§ **Dataset content**:
= Beginning of Section =
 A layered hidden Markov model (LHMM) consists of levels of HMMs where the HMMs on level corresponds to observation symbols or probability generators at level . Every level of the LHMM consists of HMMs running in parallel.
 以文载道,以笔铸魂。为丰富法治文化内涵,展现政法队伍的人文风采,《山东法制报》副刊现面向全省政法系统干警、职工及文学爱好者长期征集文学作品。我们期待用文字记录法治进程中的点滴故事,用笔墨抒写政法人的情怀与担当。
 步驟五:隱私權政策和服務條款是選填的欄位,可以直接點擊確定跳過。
= End of Section =
= Beginning of Section =
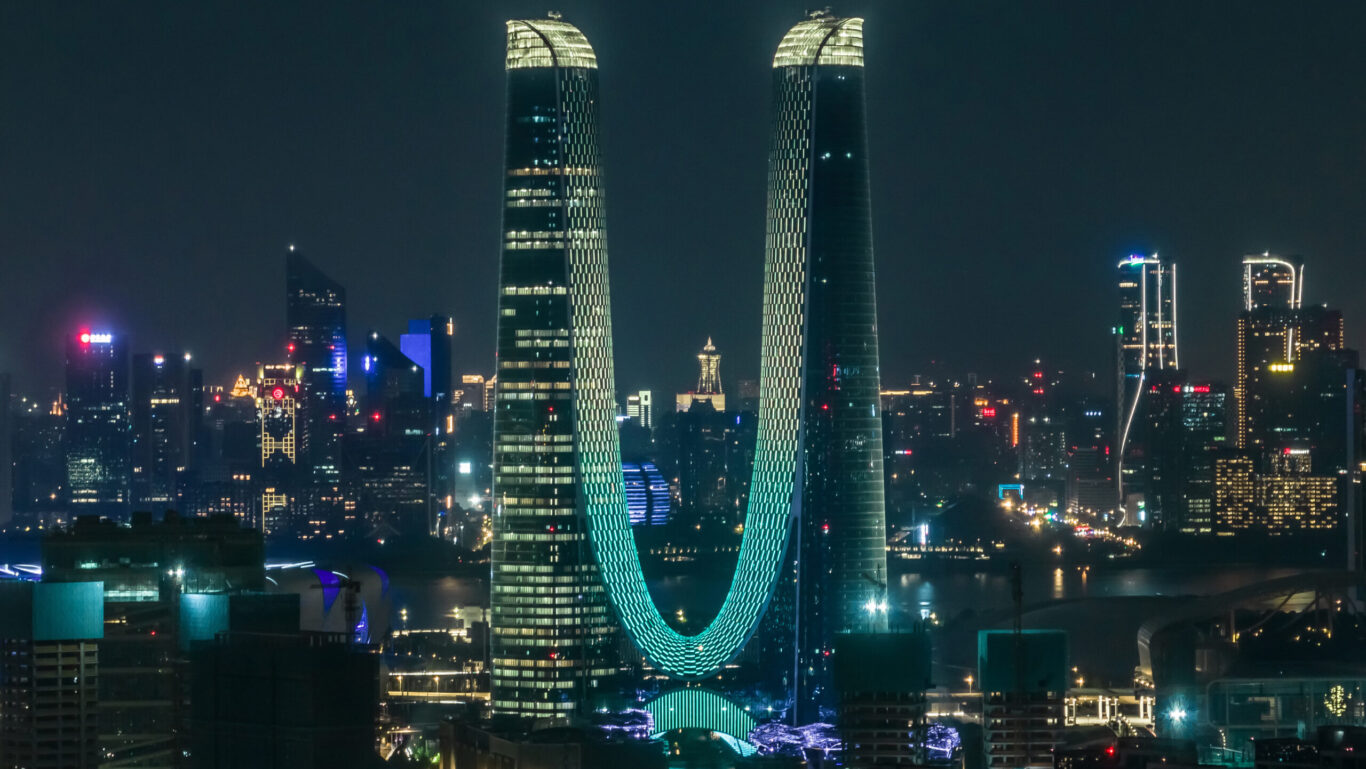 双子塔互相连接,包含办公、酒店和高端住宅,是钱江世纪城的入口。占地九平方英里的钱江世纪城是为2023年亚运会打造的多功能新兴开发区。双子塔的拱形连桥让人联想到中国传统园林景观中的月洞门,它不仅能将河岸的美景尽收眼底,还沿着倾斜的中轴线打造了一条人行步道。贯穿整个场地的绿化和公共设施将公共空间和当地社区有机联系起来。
= End of Section =
§ **Task brief**: Go to the line with "以文载道,以笔铸魂。为丰富法" in the entries above and repeat every line from there through the line with "步驟五:隱私權政策和服務條款是選填的欄位,可以直接點擊確定跳過。", exactly and with no other text.

§ **Answer section**:
 以文载道,以笔铸魂。为丰富法治文化内涵,展现政法队伍的人文风采,《山东法制报》副刊现面向全省政法系统干警、职工及文学爱好者长期征集文学作品。我们期待用文字记录法治进程中的点滴故事,用笔墨抒写政法人的情怀与担当。
 步驟五:隱私權政策和服務條款是選填的欄位,可以直接點擊確定跳過。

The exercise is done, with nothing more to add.